To Ziade, those connections are distant and inconsequential. In the start-up world, people simply tend to know each other, so connections aren't surprising. BMI introduced Sarmany; Mirza was recommended by other entrepreneurs; Laher was referred by a co-worker who attended the same mosque.

"It's a small world," Ziade said. "You have a small community here. People sometimes refer and say, 'This a good engineer.'"

But The Investigative Project's Matt Epstein said that, while he doesn't believe Ptech's software poses any kind of threat, the sheer coincidence of so many such connections emerging in one small company is worrisome.

"It's more a question of what kind of people are we giving access to our government institutions," he said. "If it's the same guys our government is investigating, that's a problem."

These days, Ziade is trying to rebuild his company and its reputation.
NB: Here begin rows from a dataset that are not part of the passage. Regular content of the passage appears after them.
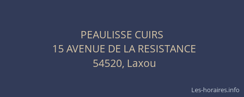Voici les horaires de PEAULISSE CUIRS situé à Laxou,
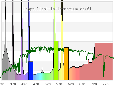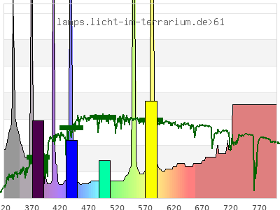 total ( 0 nm - 0 nm) 18400 µW/cm² = 184 W/m² UVC ( 0 nm - 280 nm) 0.0295 µW/cm² = 0.000295 W/m² non-terrestrial ( 0 nm - 290 nm) 0.91 µW/cm² = 0.0091 W/m² total2 ( 250 nm - 880 nm) 18400 µW/cm² = 184 W/m² UVB (EU) ( 280 nm - 315 nm) 436 µW/cm² = 4.36 W/m² UVB (US) ( 280 nm - 320 nm) 667 µW/cm² = 6.67 W/m² UVA+B ( 280 nm - 380 nm) 3540 µW/cm² = 35.4 W/m² Solar UVB ( 290 nm - 315 nm) 435 µW/cm² = 4.35 W/m² UVA D3 regulating ( 315 nm - 335 nm) 817 µW/cm² = 8.17 W/m² UVA (EU) ( 315 nm - 380 nm) 3090 µW/cm² = 30.9 W/m² UVA2 (medical definition) ( 320 nm - 340 nm) 880 µW/cm² = 8.8 W/m² UVA (US) ( 320 nm - 380 nm) 2880 µW/cm² = 28.8 W/m² UVA1 (variant) ( 335 nm - 380 nm) 2260 µW/cm² = 22.6 W/m² UVA1 (medical) ( 340 nm - 400 nm) 2200 µW/cm² = 22 W/m² vis. UVA ( 350 nm - 380 nm) 1640 µW/cm² = 16.4 W/m² VIS Rep3 ( 350 nm - 600 nm) 10100 µW/cm² = 101 W/m² VIS Rep4 ( 350 nm - 700 nm) 12000 µW/cm² = 120 W/m² purple ( 380 nm - 420 nm) 1100 µW/cm² = 11 W/m² VIS ( 380 nm - 780 nm) 13900 µW/cm² = 139 W/m² VIS2 ( 400 nm - 680 nm) 9710 µW/cm² = 97.1 W/m² PAR ( 400 nm - 700 nm) 10200 µW/cm² = 102 W/m² tmp ( 400 nm - 1100 nm) 14600 µW/cm² = 146 W/m² blue ( 420 nm - 490 nm) 1530 µW/cm² = 15.3 W/m² green ( 490 nm - 575 nm) 3600 µW/cm² = 36 W/m² yellow ( 575 nm - 585 nm) 2000 µW/cm² = 20 W/m² orange ( 585 nm - 650 nm) 1090 µW/cm² = 10.9 W/m² red ( 650 nm - 780 nm) 4590 µW/cm² = 45.9 W/m² IR2 ( 655 nm - 685 nm) 620 µW/cm² = 6.2 W/m² IRA ( 700 nm - 1400 nm) 4450 µW/cm² = 44.5 W/m² IRB ( 1400 nm - 3000 nm) 0 µW/cm² = 0 W/m²
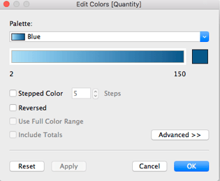 - Een “sequential” kleurenpalet, te gebruiken voor numerieke data, waarbij de intensiteit van de kleur de hoogte van de waarde aangeeft.
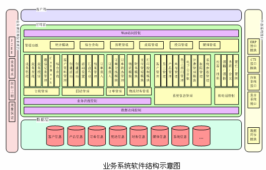電視購物呼叫中心系統(tǒng)包括客戶管理模塊、會(huì)員管理模塊、通話記錄、CALL-BACK單、訂單管理、訂單分檢、物流模塊、財(cái)務(wù)模塊、計(jì)費(fèi)管理模塊、媒體模塊、投訴模塊、FAQ模塊、產(chǎn)品管理模塊、庫存管理模塊、綜合查詢模塊、排班管理、在線培訓(xùn)、電子公告板、事件跟蹤管理模塊、統(tǒng)計(jì)模塊、權(quán)限管理模塊和參數(shù)管理模塊。
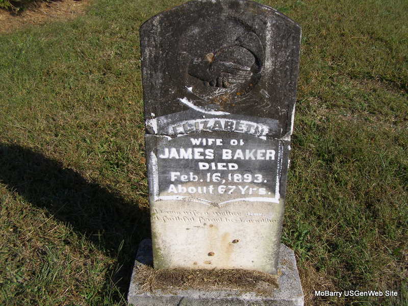 | BAKER, Elizabeth | Abt. 1826 | Feb. 16, 1893 | Inscription: "Wife of James - About 67 Years" - Research Note: This stone is broken. | Photo Ralph & Betty Lamberson |
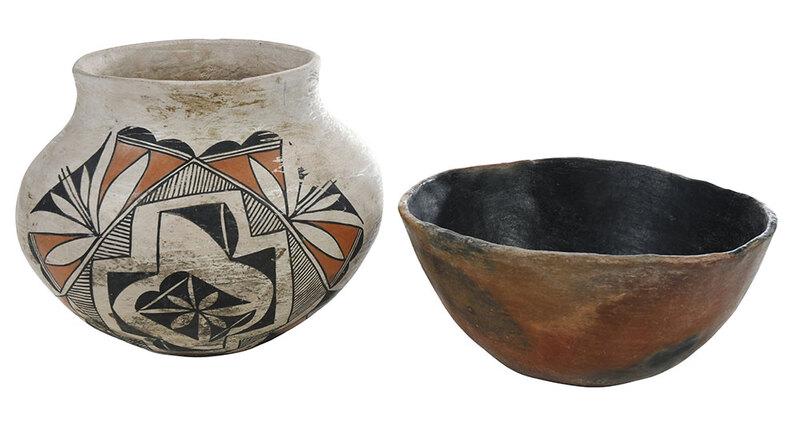 Zia Polychrome Olla and Redware Bowl
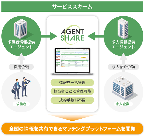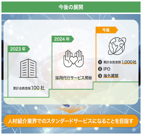 また、プラットフォームで構築されたエージェントのネットワークを活用し、求人企業の「採用代行サービス」も実現するとともに、海外エージェントとも連携しながらグローバルに「AGENT SHARE」を展開していくことで企業として成長してまいります。
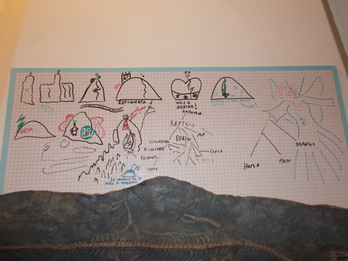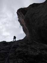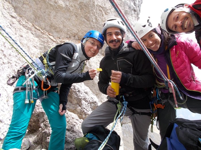 Tutti siamo stregati dai cordini che uniscono i vecchi chiodi alla nostra destra sulla "Via dei Ragni" liberata da Matteo Piccardi nel 2011...chissà che qualcuna o qualcuno dei ragazzi non diventi forte almeno come lui...e chissà che un giorno io non impazzisca e mi metta lì in mezzo con staffe e cose varie per salirla in artificiale...sarebbe epico!
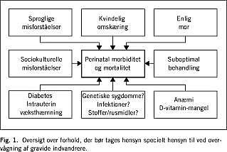 Dette spørgsmål kan ikke besvares, uden at man må tage hensyn til en række samvarierende faktorer. To skandinaviske afhandlinger har belyst problemstillingen og er kommet frem til, at specielt indvandrerkvinder fra lavindkomstlande som Somalia og Pakistan befinder sig i en risikogruppe for perinatal mortalitet, sammenlignet med andre kvinder født i udlandet eller skandinavisk fødte kvinder [1, 2]. Ved bedømmelse af den enkelte indvandrerkvindes risiko bør man tage hensyn til individuelle risikofaktorer. Fig. 1 illustrerer en oversigt over tilstande, som klinikere rekommanderes at overveje i arbejdet med gravide indvandrere. Disse rekommandationer diskuteres i det følgende.

New business has dried up, and a research firm advised clients to take business elsewhere because Ptech would likely be "distracted." Ptech has told customers it may consider reorganizing under a new name.

Ziade says he is angry not at the government, but at the media, and only hopes people will see through the stories.

The company's experience troubles Imam Talal Eid of the New England Islamic Center, where several Ptech employees worship.

"Now every time they put out a resume that says they were with Ptech, they'll hear Ptech was 'suspected,'" he said. "Go ahead and investigate someone, but don't destroy him if he's innocent."

Ziade says his only hope for Ptech is that people will see through media coverage of the company. But he is not optimistic.

The terrorists, he said, "are winning by killing our fabric, by killing our morals, by killing our values."

"We are American like the others and we are part of this fabric," he said.